A mixture of DeeVee and Hydra, according to stable diffusion
Hydra has become one of the most popular tools for managing the configuration of research projects and complex applications, given its ability for composing and overwriting configuration both from the command line and from files.
These features are a great complement to many of the values provided as part of DVC: data versioning, data pipelines, and experiment management.
Therefore, we decided to tackle this by providing a deeper integration: using Hydra internals inside DVC and allowing users to benefit from the best of both tools.
In this post, we are going to provide an overview of the benefits that users of both tools can get from the integration.
What DVC users gain from the integration
Use Hydra composition to configure DVC experiments
DVC didn’t provide a way of composing configuration from multiple sources, which can be very convenient in several use cases, like switching between different model architectures.
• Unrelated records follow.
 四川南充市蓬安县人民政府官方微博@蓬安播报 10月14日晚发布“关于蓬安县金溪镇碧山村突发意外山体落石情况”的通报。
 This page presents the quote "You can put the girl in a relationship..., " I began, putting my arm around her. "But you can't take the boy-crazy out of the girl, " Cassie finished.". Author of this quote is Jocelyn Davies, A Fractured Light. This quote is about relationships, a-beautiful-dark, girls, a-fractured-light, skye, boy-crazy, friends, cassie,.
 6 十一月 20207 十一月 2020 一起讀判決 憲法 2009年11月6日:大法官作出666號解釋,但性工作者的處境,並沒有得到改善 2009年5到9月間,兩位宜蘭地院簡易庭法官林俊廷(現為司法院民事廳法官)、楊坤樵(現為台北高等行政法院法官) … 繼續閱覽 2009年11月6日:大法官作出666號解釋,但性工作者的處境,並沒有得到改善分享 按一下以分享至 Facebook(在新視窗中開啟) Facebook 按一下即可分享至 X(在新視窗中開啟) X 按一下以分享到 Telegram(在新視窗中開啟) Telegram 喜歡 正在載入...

The Hydra docs provide a great overview of common patterns where this composition is useful.
DVC can now use Hydra Composition to configure entire DVC pipelines and run DVC experiments.
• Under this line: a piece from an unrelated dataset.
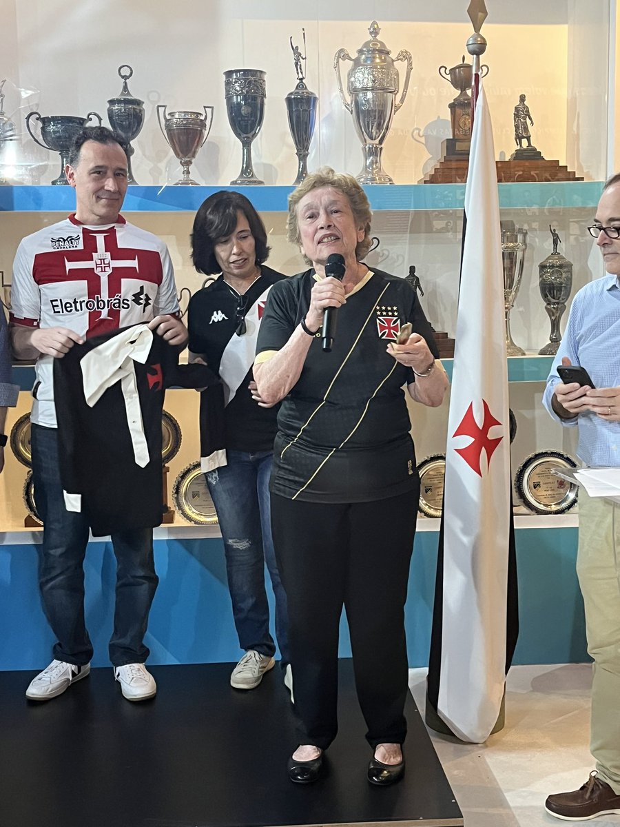Filha de Adão, o autor do primeiro gol da história do Vasco da Gama, recebendo a Honraria Pai Santana.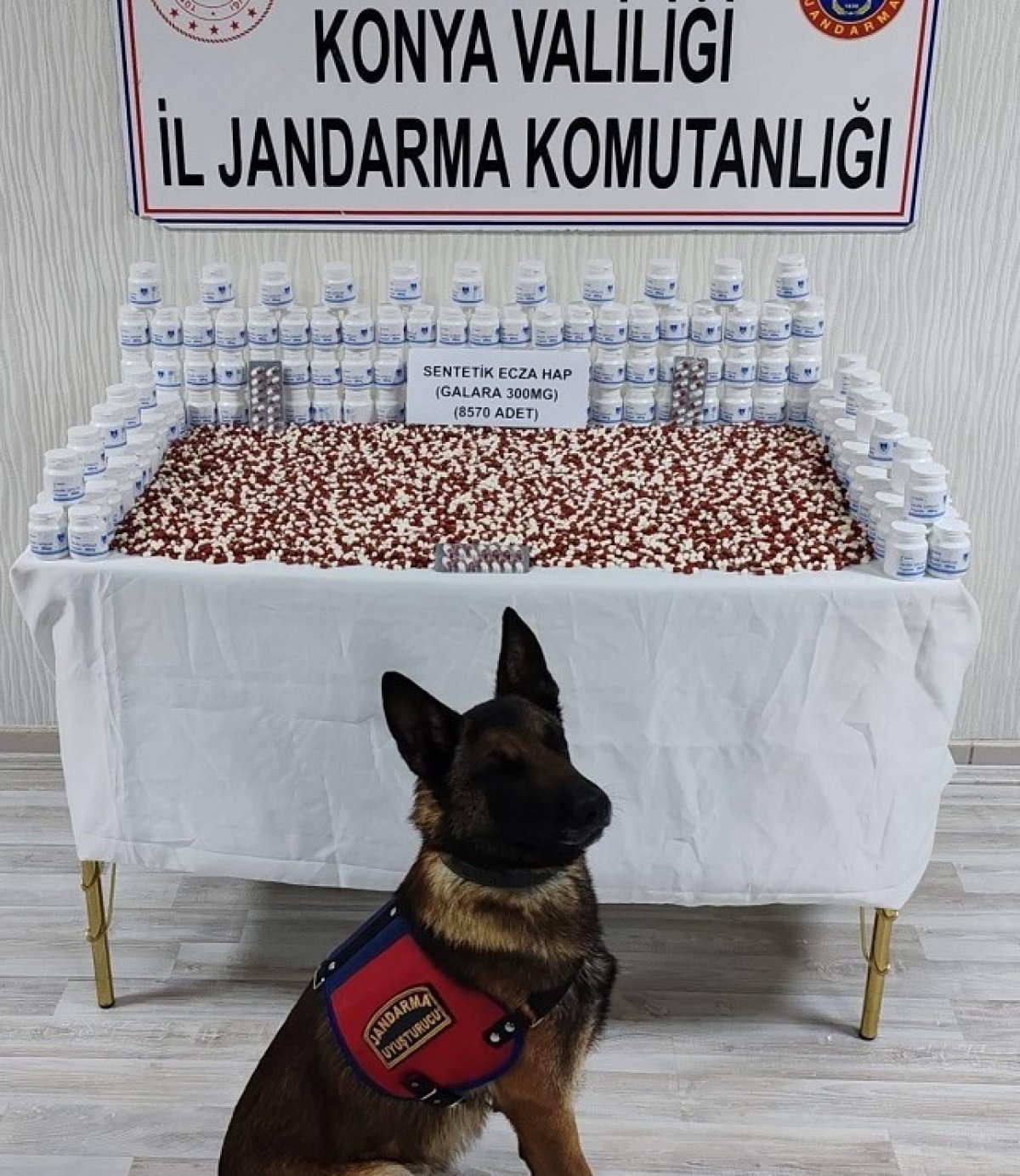 Ereğli ilçesinde ise İlçe Jandarma Komutanlığı ve KOM Şube Müdürlüğü ekipleri tarafından yürütülen çalışmalarda, 3 şahsın uyuşturucu madde temin ederek satacakları bilgisine ulaşıldı. Yapılan fiziki takibin ardından şüphelilerin ikametlerinde narkotik köpekleriyle gerçekleştirilen aramalarda 8.570 adet 300 mg Galara sentetik ecza hap ele geçirildi.

You can learn more about this feature on the Hydra Composition page of the user guide.
Appending and removing parameters on the fly
DVC supported a limited functionality for modifying configuration using
exp run --set-param
.
--set-param
can now be used with
Hydra’s Basic Override syntax
supporting new operations like Appending and Removing parameters for
arbitrary parameter files.
When Hydra’s composition is enabled, the same syntax can be used to override values in the Config Groups and Defaults list.
# Append new param
$ dvc exp run -S '+trainer.gradient_clip_val=0.001'
# Remove existing param
$ dvc exp run -S '~model.dropout'
# Target arbitrary files
$ dvc exp run -S 'train_config.json:+train.weight_decay=0.001'
# Modify the defauls list
$ dvc exp run --set-param 'train/model=efficientnet'
Grid Search of parameters
DVC exp run
only supported
queuing
a single experiment at a time.
exp run --set-param
can now use Hydra's
Choice
and
Range
syntax for adding multiple experiments to the queue and performing a grid
search:
$ dvc exp run -S 'model.learning_rate=range(0.01, 0.5, 0.01)' --queue
Queueing with "{'params.yaml': ['model.learning_rate=0.01']}".
Queued experiment '84e89be' for future execution.
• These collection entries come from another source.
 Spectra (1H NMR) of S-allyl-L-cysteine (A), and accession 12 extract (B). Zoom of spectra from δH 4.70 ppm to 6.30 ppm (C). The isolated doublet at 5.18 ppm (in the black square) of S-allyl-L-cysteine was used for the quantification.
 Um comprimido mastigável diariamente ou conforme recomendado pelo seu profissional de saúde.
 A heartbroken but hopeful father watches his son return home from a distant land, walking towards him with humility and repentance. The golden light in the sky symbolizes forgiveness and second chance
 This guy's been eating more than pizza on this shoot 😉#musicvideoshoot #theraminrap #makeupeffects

Queueing with "{'params.yaml': ['model.learning_rate=0.02']}".
Queued experiment 'd7708fa' for future execution.
Queueing with "{'params.yaml': ['model.learning_rate=0.03']}".
Queued experiment '5494d5c' for future execution.
Queueing with "{'params.yaml': ['model.learning_rate=0.04']}".
Queued experiment '2e16c1f' for future execution.
Queueing with "{'params.yaml': ['model.learning_rate=0.05']}".
Queued experiment '7c7a615' for future execution.
$ dvc queue start
What Hydra users gain from the integration
Git-based versioning and caching
Hydra relies on folder-based versioning for managing multiple runs.
By using the DVC and Hydra integration, you can version the runs using DVC experiments, enabling a more git-friendly workflow and adding caching capabilities so runs won’t be unnecessarily recomputed.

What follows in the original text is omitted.